Competitive differentiation. The agency now sells "data-driven creator selection" as a service to brand clients. The pipeline's output (the scoring model, the demographic estimates, the partnership history) is part of the pitch deck. It is a competitive advantage against agencies that still vet creators manually.

What broke

The sponsored content detection problem

Detecting brand partnerships from public data is imperfect. The pipeline looks for signals: #ad, #sponsored, #partner hashtags, @brand mentions in captions, and consistent patterns of a creator posting about a specific brand multiple times.

Some creators do not disclose partnerships with hashtags. Some use branded content tools that are not visible in the public post metadata.
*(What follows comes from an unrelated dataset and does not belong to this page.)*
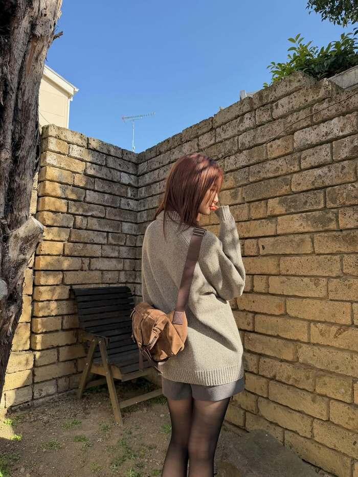 ブラウンのショルダーバッグを合わせたあたたかみのあるコーディネートになっていて、首をかしげながらニコッとした笑顔でカメラを見つめる生見さんに思わず引き込まれてしまいますね。
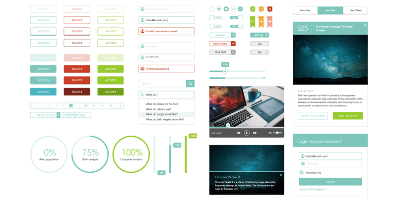 Persei 8 is a UI kit designed and built in Sketch by Jerome Villagracia. It was made in a flat design, complemented with some minimally-styled elements. It is quite intuitive and features buttons, sliders, loading bars, among others.

The detection rate is estimated at about 70 to 80% of actual partnerships. The 20 to 30% that are missed are partnerships with no public disclosure signals.

The agency treats the partnership data as directional, not comprehensive. It is useful for spotting creators who are already working with competing brands, but it does not catch every deal.

The engagement spike problem

Some creators have one viral video that inflates their average engagement rate temporarily. A creator with a typical 3% engagement rate who gets one video with 10 million views suddenly looks like a 15% engagement creator in the scoring model.

The fix was adding an outlier detection step that flags viral spikes and offers two engagement rate calculations: with and without outliers. The agency uses the "without outliers" number for vetting and the "with outliers" number for identifying breakout potential.

How ScrapeBase fits

For agencies and brands building their own creator analysis tools, the ScrapeBase API at scrapebase.io offers TikTok endpoints for profiles, posts, comments, and search results. The API handles the platform access layer. You call the endpoint, you get structured JSON back.

For agencies that want the full intelligence layer (scoring, demographics, discovery, tracking), the managed TikTok data service handles everything end to end. The TikTok data service page has the full output schema, pricing, and delivery details.

When this approach makes sense

Custom TikTok creator intelligence fits agencies and brands that:

  • Spend $10,000+ per campaign on creator fees and need data to justify the spend
  • Work across multiple niches and need niche-normalized scoring
  • Want audience demographic matching beyond what SaaS databases provide
  • Need competitive intelligence on which creators are working with competing brands
  • Are building "data-driven creator selection" as a service offering to their own clients

For smaller campaigns or broad discovery, the SaaS influencer platforms are a fine starting point. The managed service fills the gap when the SaaS data is not deep enough for the spend level.